On Mar 22, 2013 10:57 AM, "Remi Forax" <forax at univ-mlv.fr> wrote:
> On 03/22/2013 03:07 PM, Joe Bowbeer wrote:
>
>>
>> Stateful programming has its issues but that ship has already sailed (in
>> Java).
>>
>> The programs where these new expressions will live are full of state...
>>
>> With the introduction of streams, programmers and refactoring tools will
>> be introducing the cool new expressions into existing code. (forEach is the
>> groovy guy's for loop, right?)
>>
>> I don't want to create danger zones in the code where these
>> transformations are accidents waiting to happen. Also think of the code
>> maintainers trying to determine, as they are enhancing and debugging the
>> code, where they are allowed to add state.
>>
>> Before, the existence of parallel() created a danger zone, but
>> sequential() restored safety. That's an easy rule to understand.
>>
>> BTW, what are the rules in Scala and groovy?
>>
>> Joe
>>
>>
> for Groovy, gpars the groovy parallel library doesn't allow stateful
> closure,
> you have too use special constructs like Agent for that.
>
> http://gpars.codehaus.org/
>
> Rémi
>
> On Mar 22, 2013 9:33 AM, "Brian Goetz" <brian.goetz at oracle.com <mailto:
>> brian.goetz at oracle.com**>> wrote:
>>
>> The problem with stateful lambdas is that, unless one block of
>> code has control over the entire pipeline, it is an accident
>> waiting to happen.
>>
>> Let's say you receive a stream as a parameter:
>>
>> void foo(Stream s) { ... }
>>
>> and you want to do something that requires a stateful mapper:
>>
>> void foo(Stream s) {
>> s.map(... stateful ...)...
>> }
>>
>> That's a bug already. Because you don't know that the stream you
>> were passed in is sequential. But I doubt that people will
>> remember, even most of the time, they need to do:
>>
>> s.sequential().map(... stateful ...)...
>>
>> instead. Won't happen.
>>
>> Stateful lambdas introduce the need for non-modular reasoning
>> about stream pipelines (who created this? who will consume this?

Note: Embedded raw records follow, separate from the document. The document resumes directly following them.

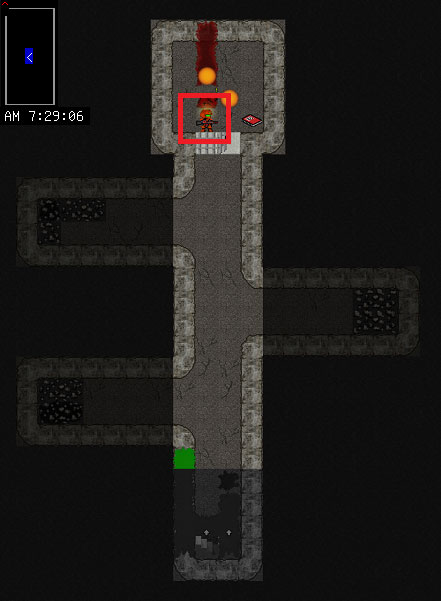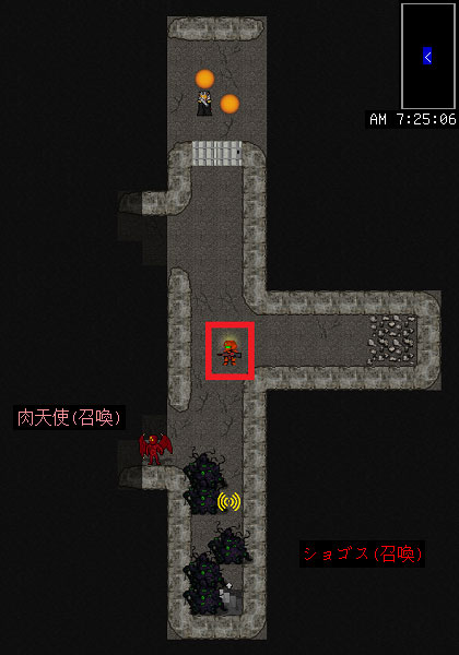 現在の戦場は上の画像。灼熱の地下4階から降りたところショゴスの大群に囲まれてしまった。脱出の方法は後で考えよう。というか北側に見える人影は召喚師のNPCだよな。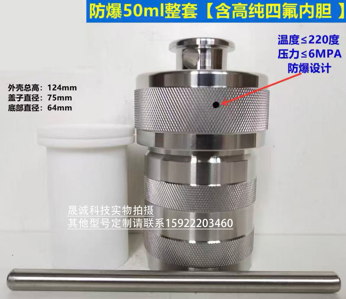 外体材料为优质不锈钢,内杯材料为聚四氟乙烯。水热合成反应釜采用圆形榫槽密封,手动螺旋坚固即可达到密封效果,确保*密封不泄露。另可定做各种规格内胆(聚四氟乙烯内衬杯),需要来图或来样加工。如有任何需求请联系晏经理:15922203460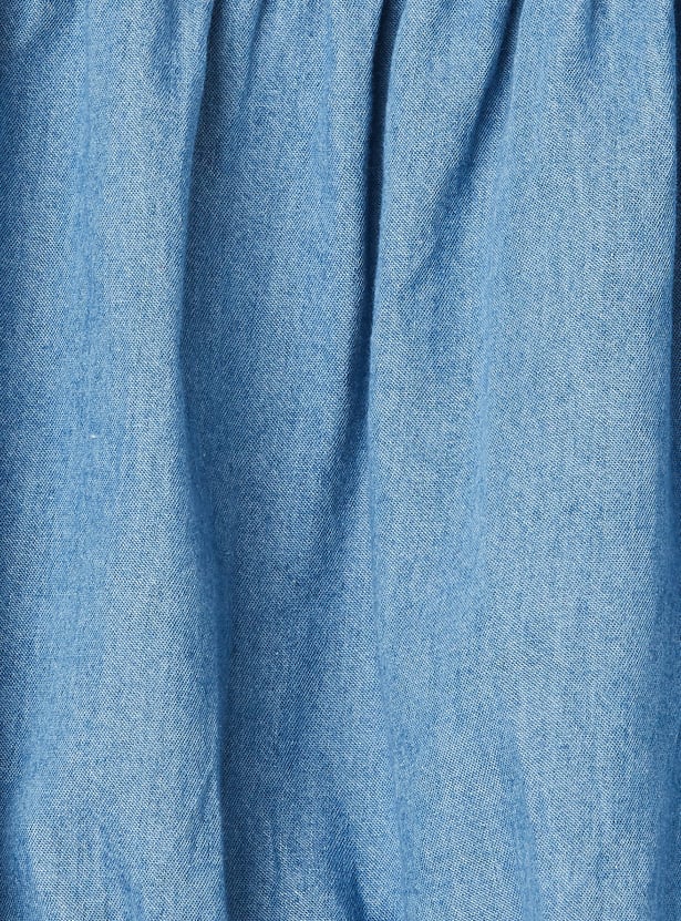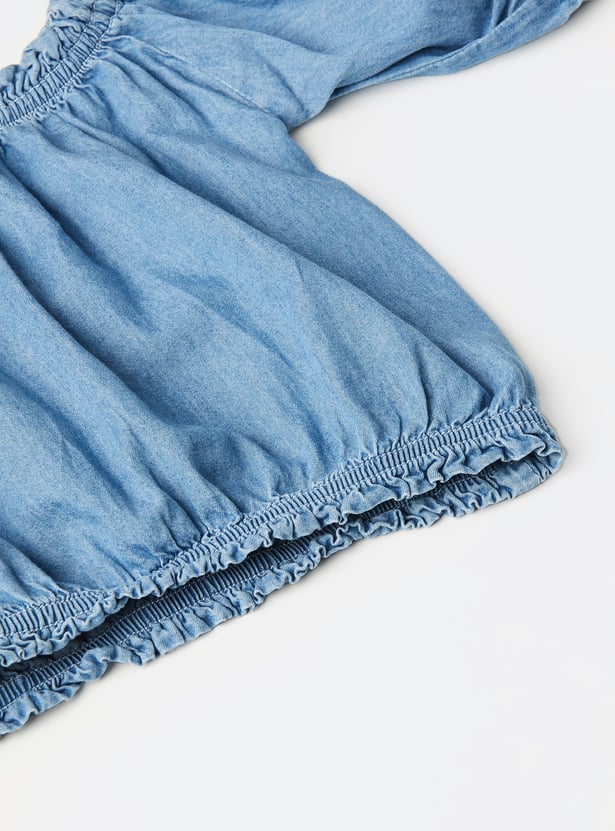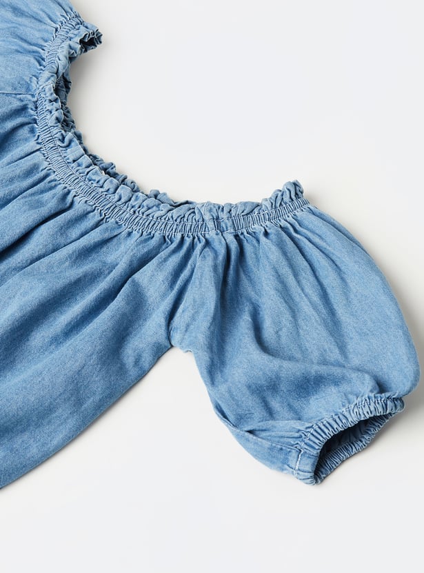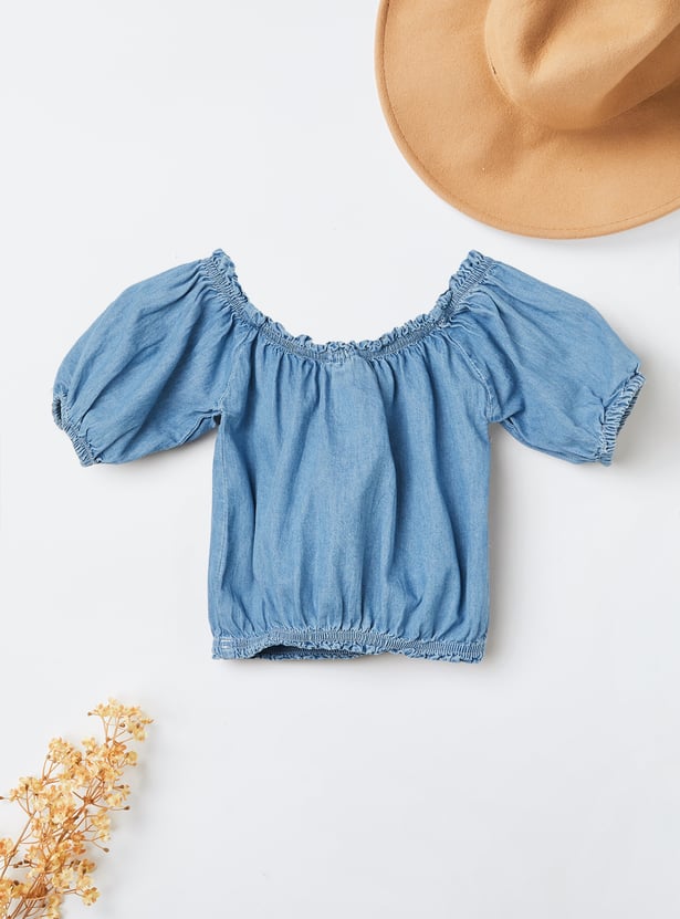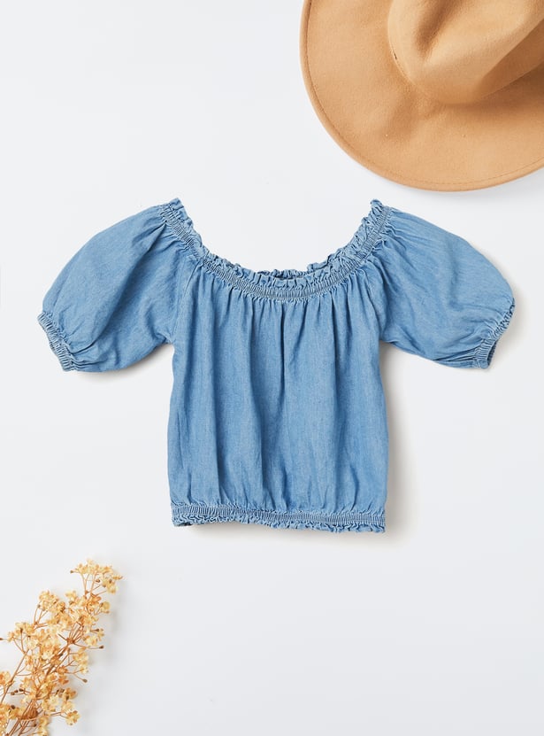 Elevate your everyday look with this solid top. Featuring a round neck, puff sleeves, and an elasticated waist, it blends comfort with a touch of flair.

>> in what state was it created?). And, it has all the same
>> self-deception problems as thread-safety. People convince
>> themselves "I don't need to think about synchronization because no
>> one will ever use this object concurrently."
>>
>> So, while I sympathize with the desire to let people say "I know
>> that this entire stream pipeline has been carefully controlled
>> such as to not have statefulness distort its results", I think in
>> reality, this will quickly turn into "statefulness is OK" in most
>> people's minds. With the attended inevitable foot-shooting.
>>
>> On 3/21/2013 9:57 PM, Joe Bowbeer wrote:
>>
>> I'm traveling now and won't be able to respond promptly but
>> this topic
>> has been raised a couple of times already. Feel free to copy
>> and paste
>> my response from previous discussions:)
>>
>> Rephrasing, I'm OK with non-interference but I object to banning
>> stateful in sequential ops.
>>
>> I think there should be a one-one correspondence between any
>> for loop
>> and a sequential forEach.
>>
>> Can you compare your restrictions with those in Scala and
>> Groovy? Scala
>> in particular, because it is more strictly defined, and I'm
>> pretty sure
>> I've combined stateful expressions with functional forms in
>> Scala, to
>> good effect. (One of the benefits of being multi-paradigmatic?)
>>
>> In addition, I'm wary of the new form of forEach. If anything,
>> I'd like
>> its name to be simpler, e.g., each, not longer.
>>
>> Joe
>>
>> On Mar 21, 2013 3:48 PM, "Brian Goetz" <brian.goetz at oracle.com
>> <mailto:brian.goetz at oracle.com**>
>> <mailto:brian.goetz at oracle.com
>> <mailto:brian.goetz at oracle.com**>>> wrote:
>>
>> Doug and I have been revisiting sequential() and
>> parallel(). I
>> think there's a nice simplification here.
>>
>> The original motivation for sequential() was because we
>> originally
>> had .into(collection), and many collections were not
>> thread-safe so
>> we needed a means to bring the computation back to the current
>> thread. The .sequential() method did that, but it also
>> brought back
>> a constraint of encounter ordering with it, because if
>> people did:
>>
>> stuff.parallel().map(...).__**sequential().into(new
>> ArrayList<>());
>>
>> not respecting encounter order would violate the principle
>> of least
>> astonishment.
>>
>> So the original motivation for sequential() was "bring the
>> computation back to the current thread, in order." This
>> was doable,
>> but has a high price -- a full barrier where we buffer the
>> contents
>> of the entire stream before doing any forEach'ing.
>>
>> Most of the time, sequential() only appears right before the
>> terminal operation. But, once implemented, there was no
>> reason to
>> constrain this to appear right before the forEach/into, so
>> we didn't.
>>
>> Once we discovered a need for .parallel(), it made sense
>> it be the
>> dual of .sequential() -- fully unconstrained. And again, the
>> implementation wasn't *that* bad -- better than
>> .sequential(). But
>> again, the most desirable position for .parallel() is
>> right after
>> the source.
>>
>> Then we killed into() and replaced it with reduction,
>> which is a
>> much smarter way of managing ordering. Eliminating half the
>> justification for .sequential().
>>
>> As far as I can tell, the remaining use cases for
>> .sequential() are
>> just modifiers to forEach to constrain it, in order, to
>> the current
>> thread.
>>
>> As in:
>> ints().parallel().filter(i -> isPrime(i))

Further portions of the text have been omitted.